I would like to know what necessary assumptions on $f,g$ are required such that the following holds:

$$ \mathbb{E_{\sim i}}[f(g(x_i))] \geq g(\mathbb{E_{\sim i}}[f(x_i)]) $$ A sufficient condition, of course is that $f\circ g \geq g \circ f$: $$ \mathbb{E_{\sim i}}[f(g(x_i))] \geq \mathbb{E_{\sim i}}[g(f(x_i))] \geq g(\mathbb{E_{\sim i}}[f(x_i)]) $$

but this is not very interesting and I was hoping for something more general.
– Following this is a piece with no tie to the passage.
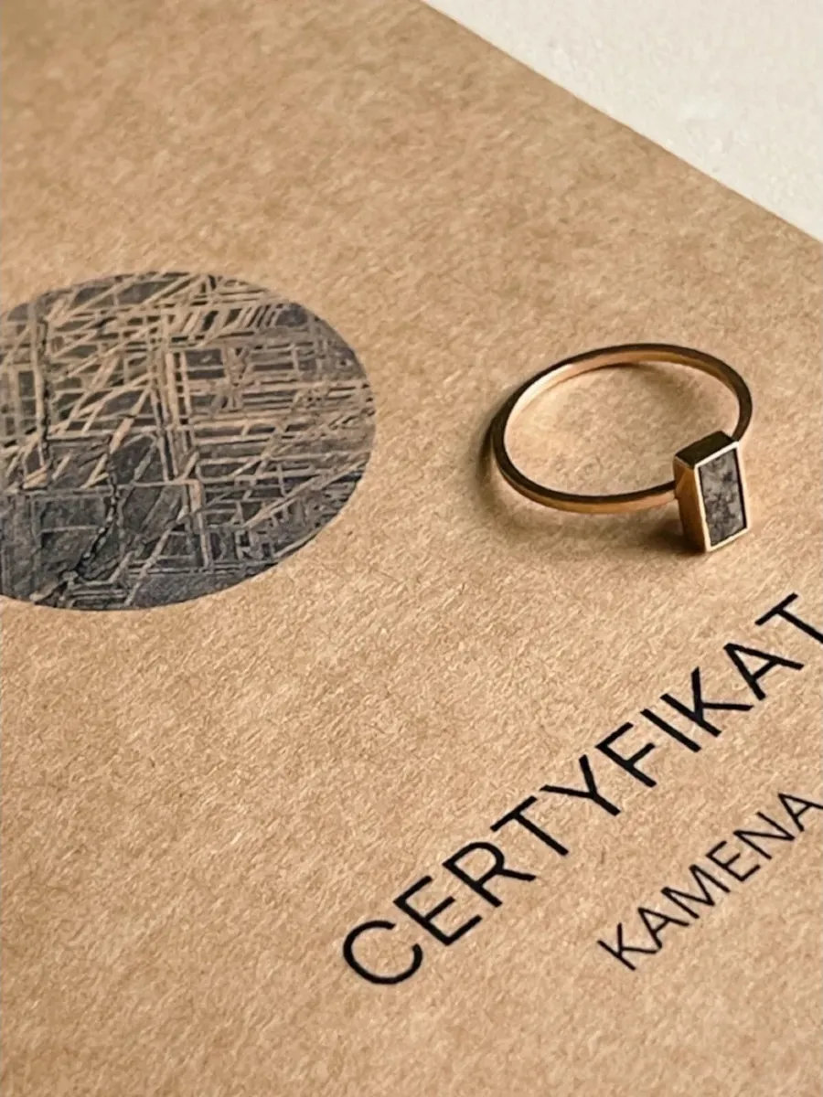 Ten pierścionek nie pochodzi z tej Ziemi – dosłownie. W jego centrum znajduje się autentyczny fragment meteorytu, który spadł na teren dzisiejszego Moraska niczym gwiazdka z nieba. Oprawa prostokątnego meteorytu i delikatna obrączka z różowego złota łączą się w ręcznie wykonanym pierścionku – biżuterii pełnej symboliki i elegancji.

Edit: Some additional constraints of interest to consider: $f$ is monotonic, $g$ is sublinear.

Answer 1

Unless I'm misunderstand your question, your sufficient condition for the inequality $$ \mathbb{E}_{\sim\mathbb{i}}\left[f\big(g(x_i)\big)\right]\ge g\left(\mathbb{E}_{\sim\mathbb{i}}\left[f\big(x_i\big)\right]\right) $$ to hold is also necessary. I'm presuming $\ f\ $ and $\ g\ $ are defined (and therefore finite and continuous) on the whole of some Euclidean space $\ \mathbb{R}^m\ $, and you require the inequality to hold for all distributions $\ \mathbb{i}\ $. If you choose the distribution $\ \mathbb{i}\ $ to have its entire weight concentrated at the single point $\ x\ $, then \begin{align} \mathbb{E}_{\sim\mathbb{i}}\left[f\big(g(x_i)\big)\right]&=f\big(g(x)\big)\ \ \text{and}\\ g\left(\mathbb{E}_{\sim\mathbb{i}}\left[f\big(x_i\big)\right]\right)&=g\big(f(x)\big)\ , \end{align} so the inequality implies that $\ f\big(g(x)\big)\ge g\big(f(x)\big)\ $. Even if you restrict the inequality to holding only for distributions $\ \mathbb{i}\ $ with strictly positive variance, you can still get the same result by taking a sequence $\ \mathbb{i}_n\ $ of distributions with mean $\ x\ $ and variances which tend to $\ 0\ $ as $\ n\rightarrow\infty\ $.